> Exercise details:
Verbatim copy, images omitted: return the full listing.

> Recorded data:
====
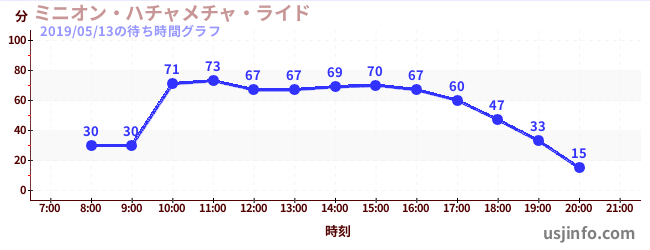 • ミニオン・ハチャメチャ・ライド$B$N(B2019年05月13日の待ち時間
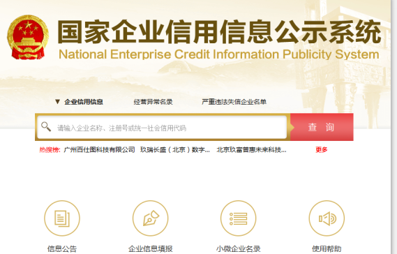 步骤1:用户在网上进入国家企业信用信息公示系统,点击“企业信息填报”,进入企业信息填报系统,并选择企业所在地址。
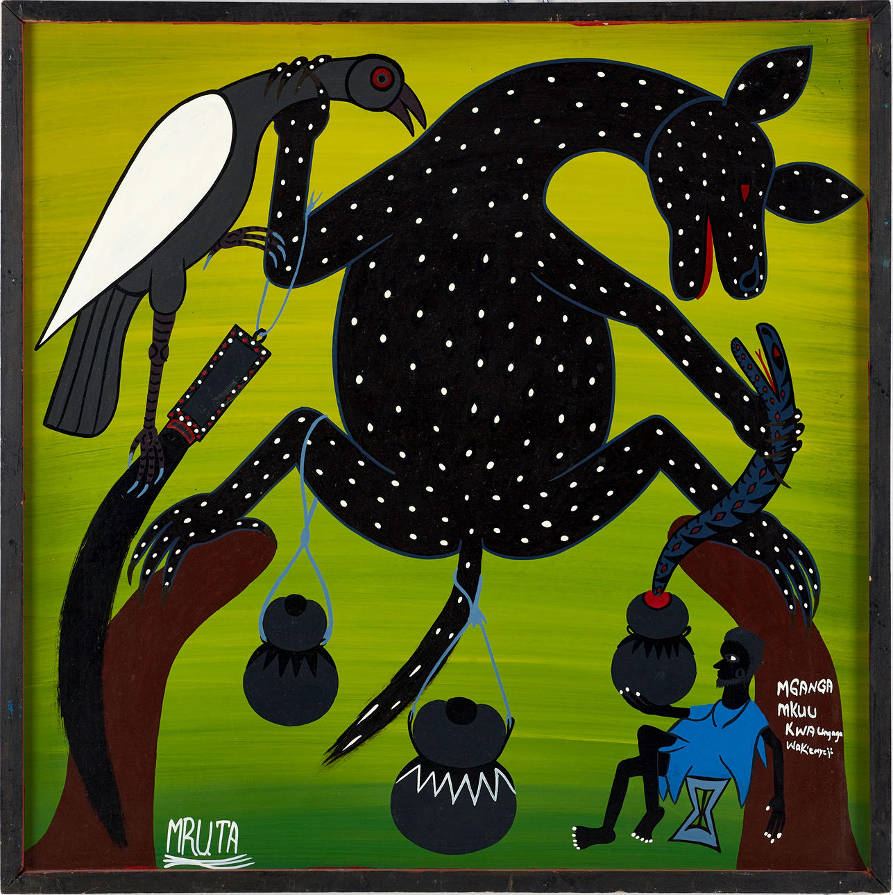 4901102. HASHIM MRUTA (1942-1998): Composition with animals, lacquer paint on panel.
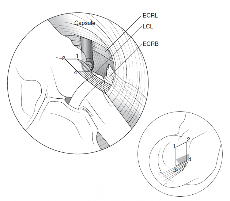 采用该入路的目的是允许器械向下到达肌腱起点,而不是通过 ECRB 肌腱本身进入关节。去除外侧滑膜,然后松解外侧关节囊。偶尔会发现肱骨侧关节囊破裂。更常见的是,尽管可能存在小的线性撕裂,但关节囊是完整的。使用单极电极更容易分层松解外侧软组织。从肱骨切开或松解关节囊,当它向远端回缩时,ECRB肌腱可见于后方,而ECRL(主要为肌性)则更靠前。
====
> Task answer:
 • ミニオン・ハチャメチャ・ライド$B$N(B2019年05月13日の待ち時間
 步骤1:用户在网上进入国家企业信用信息公示系统,点击“企业信息填报”,进入企业信息填报系统,并选择企业所在地址。
 4901102. HASHIM MRUTA (1942-1998): Composition with animals, lacquer paint on panel.
 采用该入路的目的是允许器械向下到达肌腱起点,而不是通过 ECRB 肌腱本身进入关节。去除外侧滑膜,然后松解外侧关节囊。偶尔会发现肱骨侧关节囊破裂。更常见的是,尽管可能存在小的线性撕裂,但关节囊是完整的。使用单极电极更容易分层松解外侧软组织。从肱骨切开或松解关节囊,当它向远端回缩时,ECRB肌腱可见于后方,而ECRL(主要为肌性)则更靠前。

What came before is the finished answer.